Equipment Breakdown Insurance (EBI) (formerly known as Boiler and Machinery) is designed to cover the sudden and accidental physical damage to specialized equipment. The RIBO Level 1 Blueprint requires brokers to distinguish between an "insured loss" and "maintenance/inherent vice."
The core definition of a "breakdown" involves a sudden event such as a mechanical failure, electrical arcing, or a pressure vessel explosion.
Options A, B, and D are all "sudden and accidental" events that fit this criteria (thermostat failure, engine seizing, or power surge damage).
Option C involves "intermittent" issues due to a "known faulty wiring issue." This is the definition of a maintenance problem or a "pre-existing condition."
Insurance is intended to cover "fortuitous" (chance) events, not inevitable failures caused by wear and tear or the owner's failure to repair known defects. If a broker submits a claim for a known faulty system, it would likely be denied under the policy’s exclusions for "wear and tear" or "gradual deterioration."

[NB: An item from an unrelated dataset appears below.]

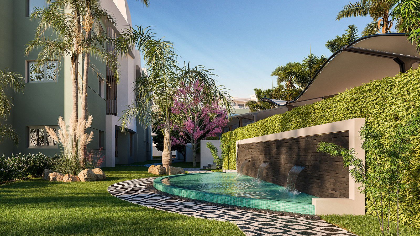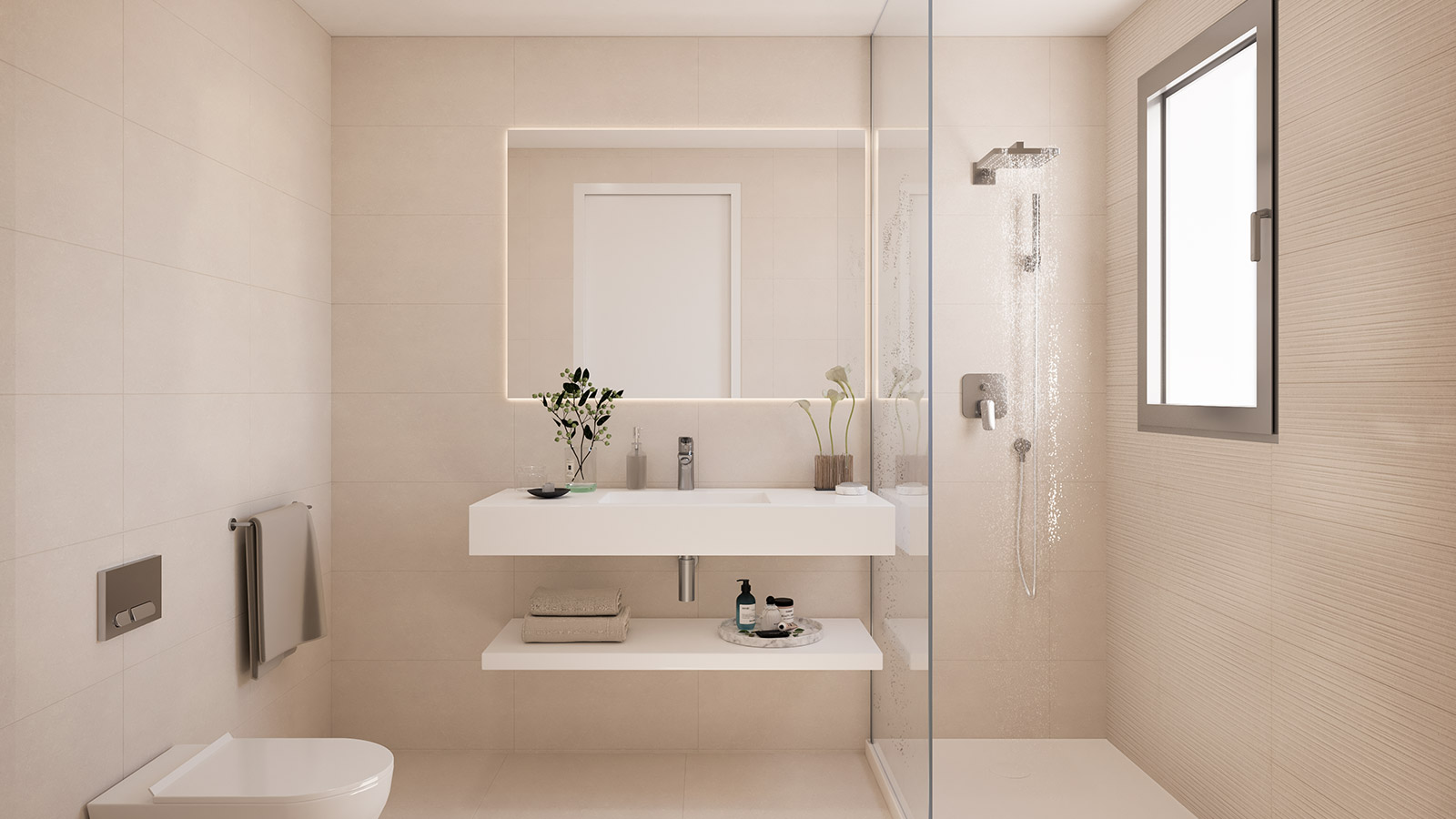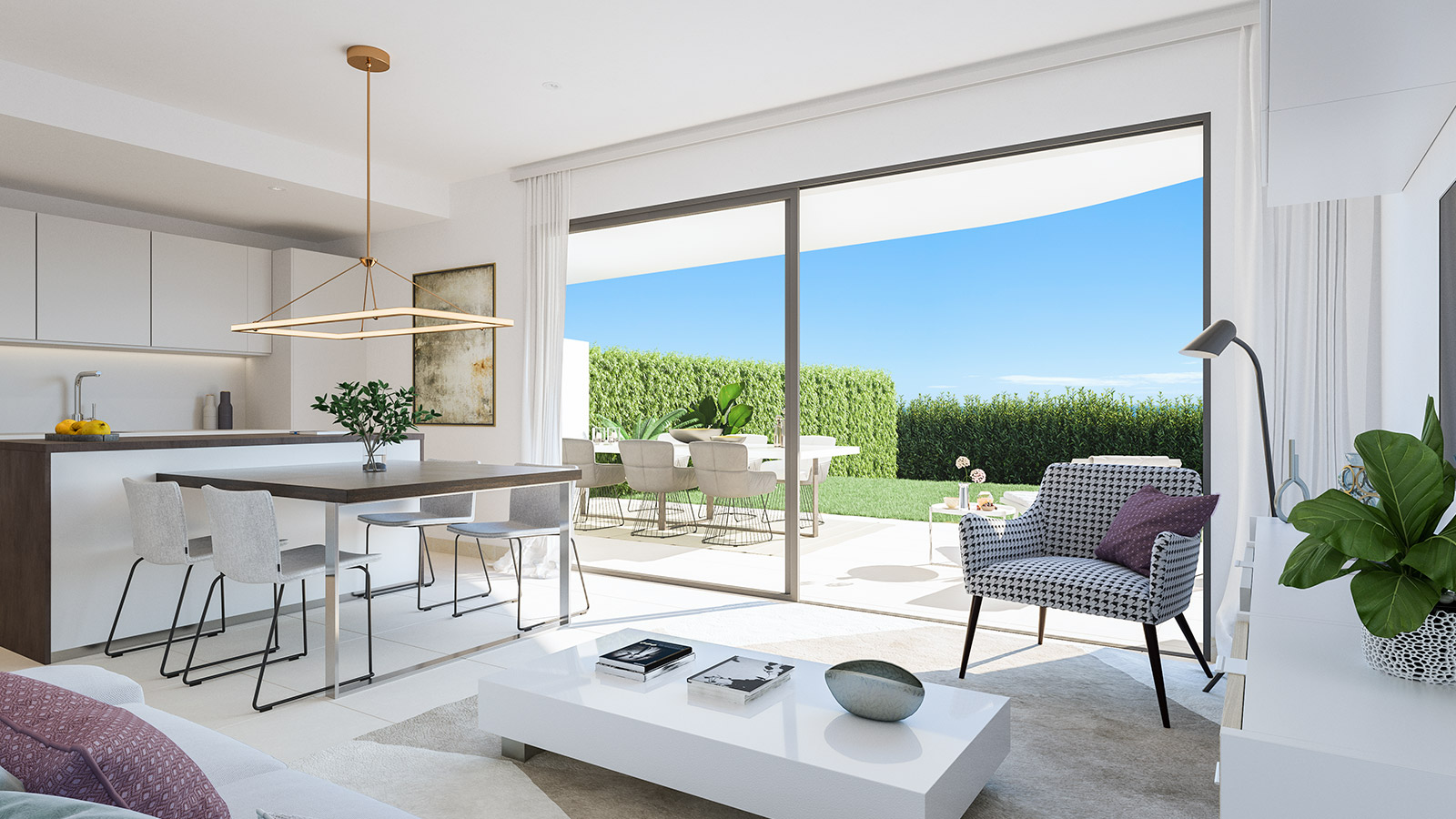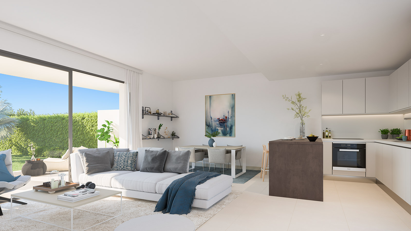 This spectacular residential development is located in La Cala de Mijas with two and three bedroom properties and penthouses. Its elevated location commands privileged views over the sea and Calanova golf course. A cutting-edge project in each element is an essential piece of the design philosophy. Design and detailing are impeccable, and interior space ranges from 87m2 to 115m2, with large panoramic terraces.

In the Consulting and Advising phase, a broker must help the commercial client understand that EBI is a supplement to—not a replacement for—a regular maintenance contract. The broker must use Critical and Analytical Thinking to identify these risks. For a business like a cold-storage facility, a thermostat failure (A) is a catastrophic risk that requires EBI, whereas faulty wiring (C) is a risk the owner must manage through repairs. This technical distinction protects the broker's Relationship Management by managing the client’s expectations about what the policy will and will not pay for, fulfilling the Risk Assessment requirements of the competency profile.